Снаружи заскрипели половицы крыльца. Много ног. Много голосов.
Вышли.
На дворе стояли десятки призраков. Разных эпох, разных судеб. Крестьяне, солдаты, дети. Все смотрели на братьев с надеждой и страхом.
— Мы слышали... — начал кто-то. — Что можно уйти. По-настоящему уйти. Это правда?
— Правда, — кивнул Лазарь. — Но только если готовы. Если дела закончены.
— А если не закончены? — спросила женщина с младенцем на руках.
— Тогда останетесь. Но не как раньше. — Гордей огляделих всех. — Мир изменился. Мертвые и живые учатся жить рядом. Будут правила.
— Какие?
— Узнаем вместе.
Из толпы вышел мужчина в дорогом костюме. Новый призрак, судя по одежде — умер недавно.
— А кто вы такие, чтобы устанавливать правила?
— Мы — Морозовы, — просто сказал Лазарь. — Мы теперь Зима.
И словно в подтверждение его слов, снег вокруг закружился сильнее. Но не угрожающе. Танцуя. Каждая снежинка несла чью-то память, чью-то боль, чью-то любовь.
— Кто готов — подходите по одному, — Гордей сел на ступеньки крыльца. — У нас время есть.
И они пошли. Один за другим. Старуха, искавшая прощения у дочери. Мальчик, потерявшийся в лесу сто лет назад. Купец, обманувший партнера.
Каждого Лазарь брал за руку. Каждого вел по светящейся дороге. Кто-то уходил сразу. Кто-то просил передать весточку живым. Кто-то просто благодарил.
Работали молча. Как на конвейере. Только конвейере душ.
Солнце клонилось к закату, когда подошел последний. Мальчик лет двенадцати в пионерском галстуке.
— А больно не будет?
— Нет, — Лазарь устало улыбнулся. — Теперь это как засыпать у теплой печки.
— Хорошо. Я устал бояться.
Взял за руку. Повел. Отпустил.
Двор опустел. Только братья на крыльце, черный снег и тишина.

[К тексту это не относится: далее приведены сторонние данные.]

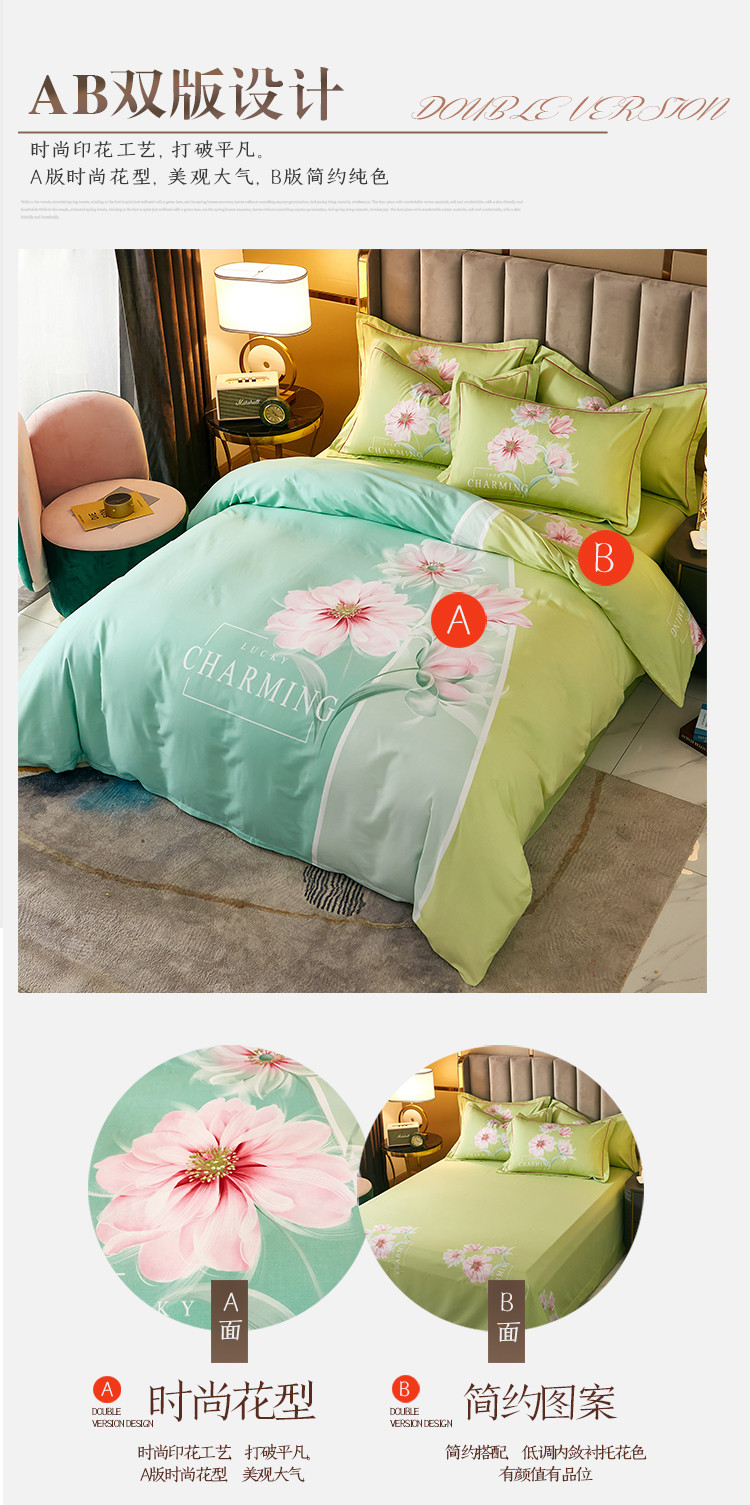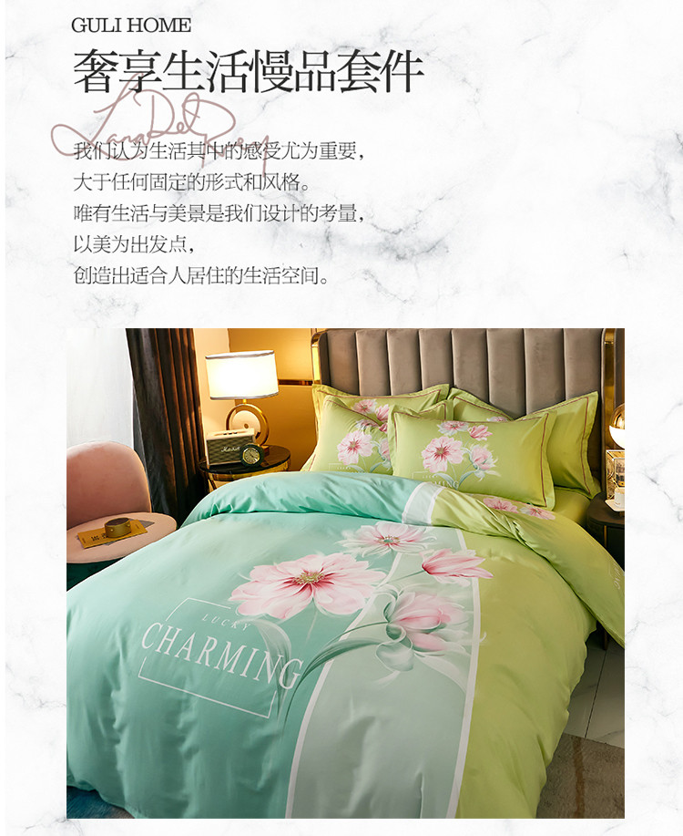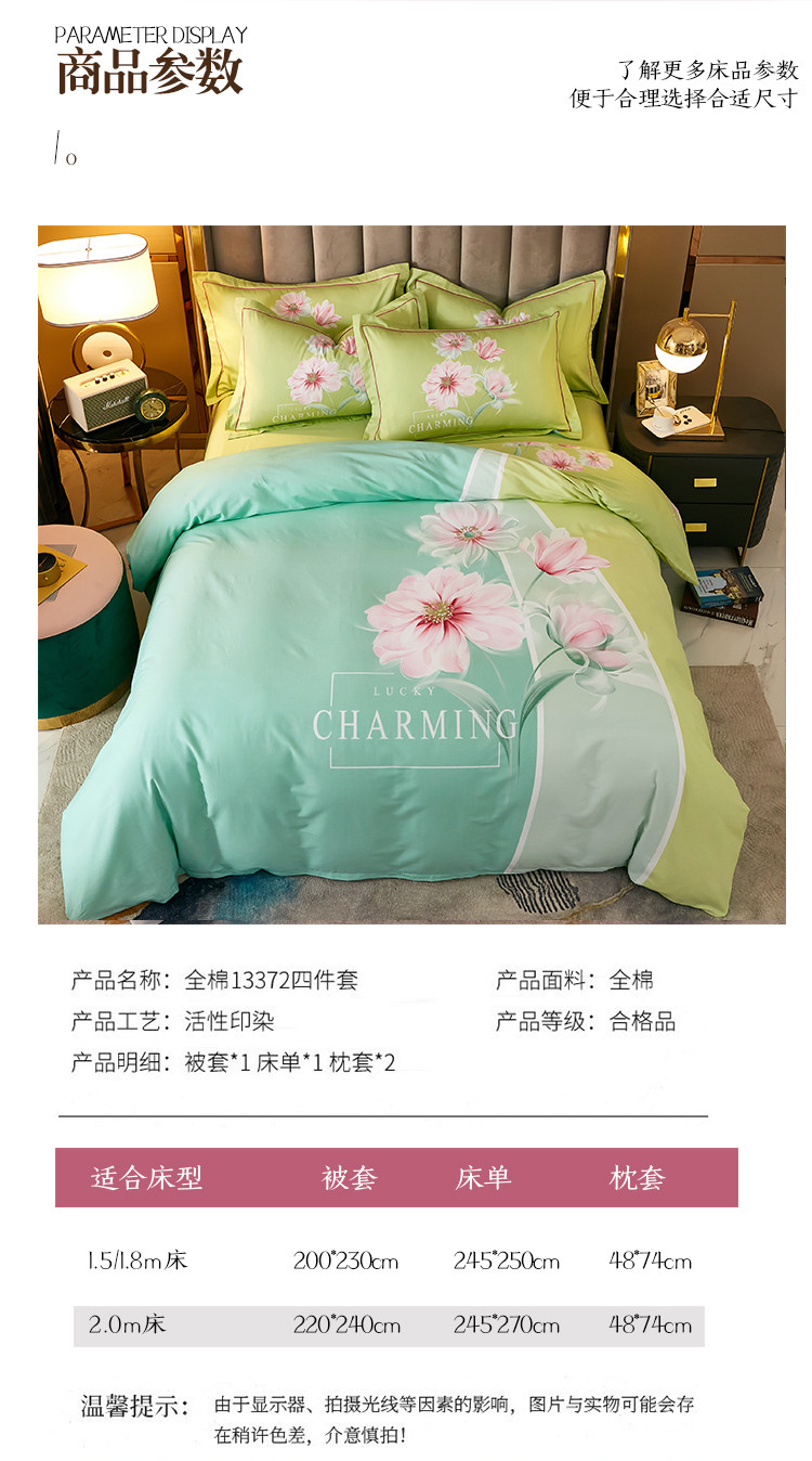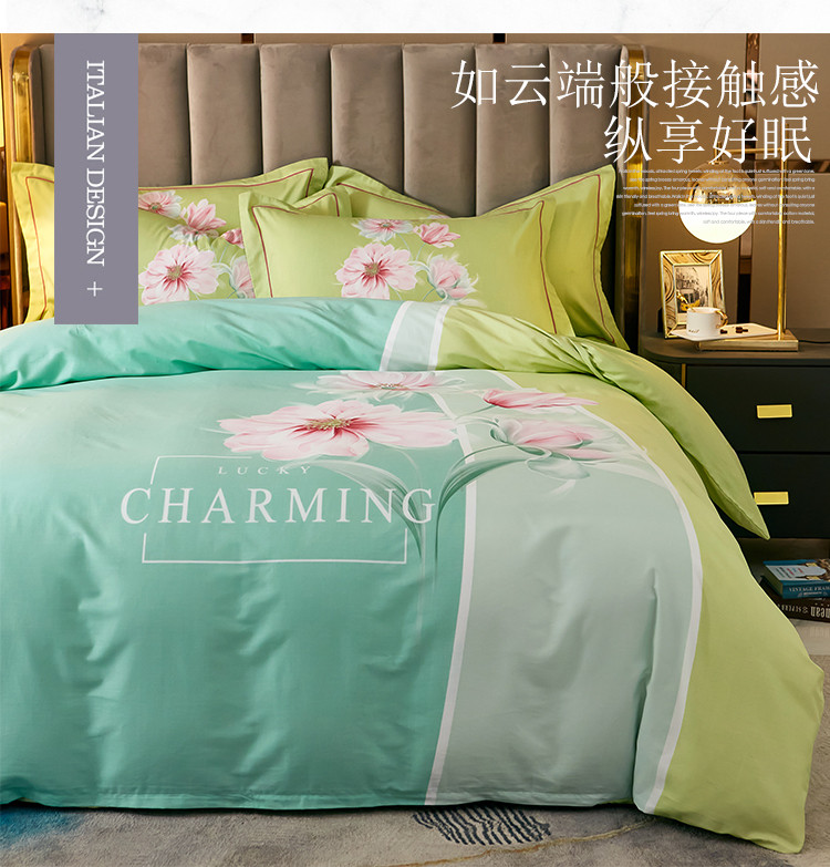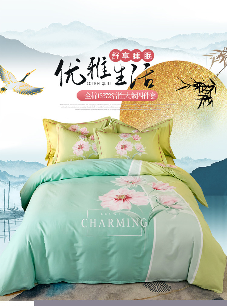 商品名称:雲归梦 2021全棉大版四件套中国风花卉 魅兰莎(绿)
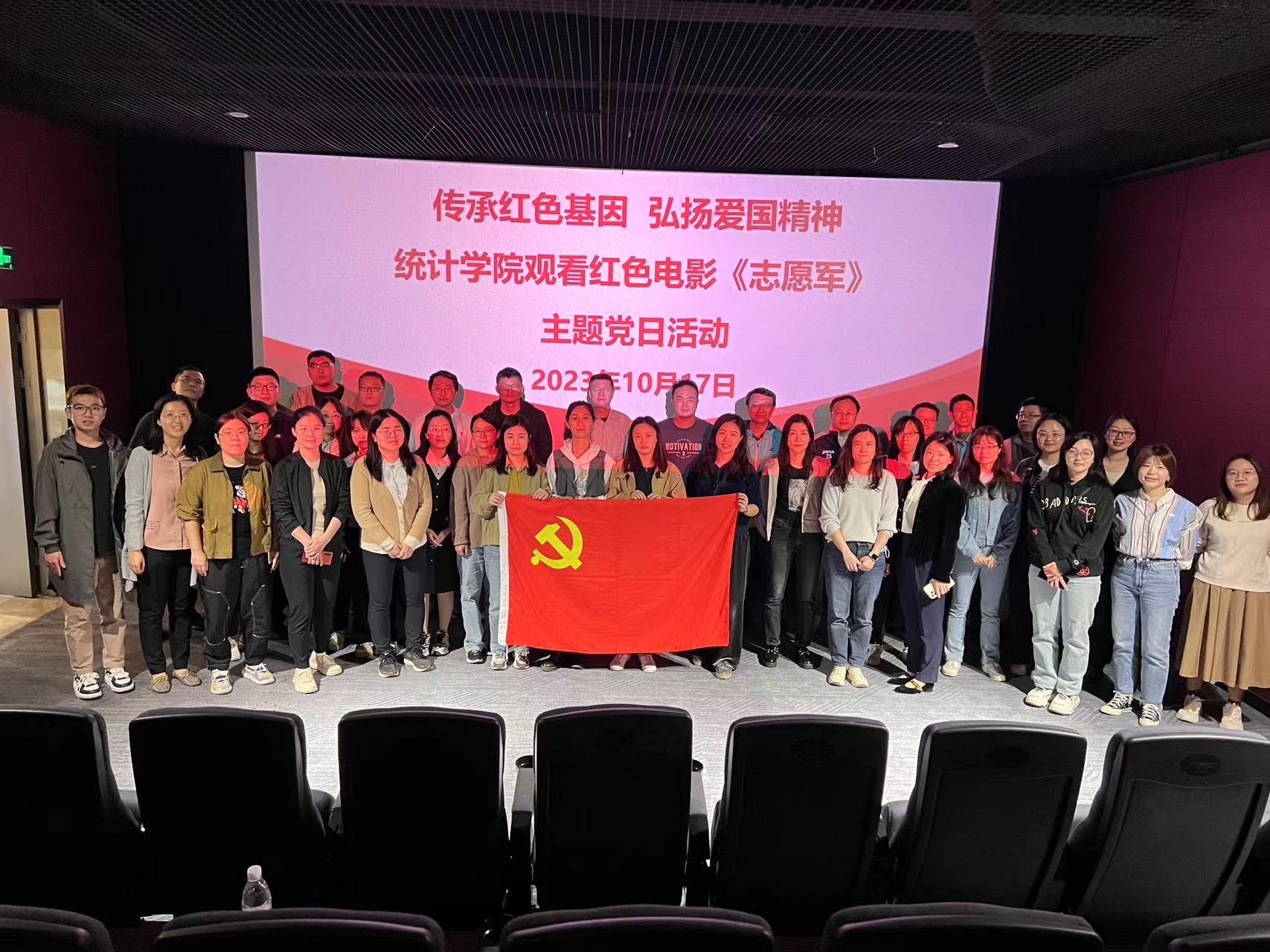 在抗美援朝战争胜利70周年之际,为致敬英烈、铭记历史、传承精神、激励奋进新征程,10月17日,统计学院党委以主题党日的形式,组织教师四个党支部党员近40余人观看爱国主义影片《志愿军:雄兵出击》。

— Сколько их было? — спросил Гордей.
— Не считал. Много.
— И это только начало.
В кармане затрещала рация. Гордей достал.
— База, база. Москва. Прием.
— Слышу вас, это Москва.
— Ситуация под контролем?
Братья переглянулись. Под контролем? Мир перевернулся, мертвые ходят среди живых, границы между мирами истончились.
— Ситуация... развивается. Нужны новые протоколы.
— Понял. Питер докладывает — мертвые вышли на Невский. Не нападают, просто гуляют. Что делать?
— Пусть гуляют. Если не трогают живых — не трогать их.
— Принято. Еще — Воронеж на связи. Срочно.
Тишина. Треск помех. Потом — детский голос. Девочка лет десяти.
— База? База, это Лена. Мы нашли старый пионерский лагерь. Тут... тут много детей. Но они прозрачные. И плачут.
Лазарь взял рацию.
— Лена, это Лазарь. Не бойся. Они не опасны.
— А что делать? Они смотрят на нас. Просят... просят поиграть.
Братья переглянулись. В глазах Гордея читался тот же вопрос.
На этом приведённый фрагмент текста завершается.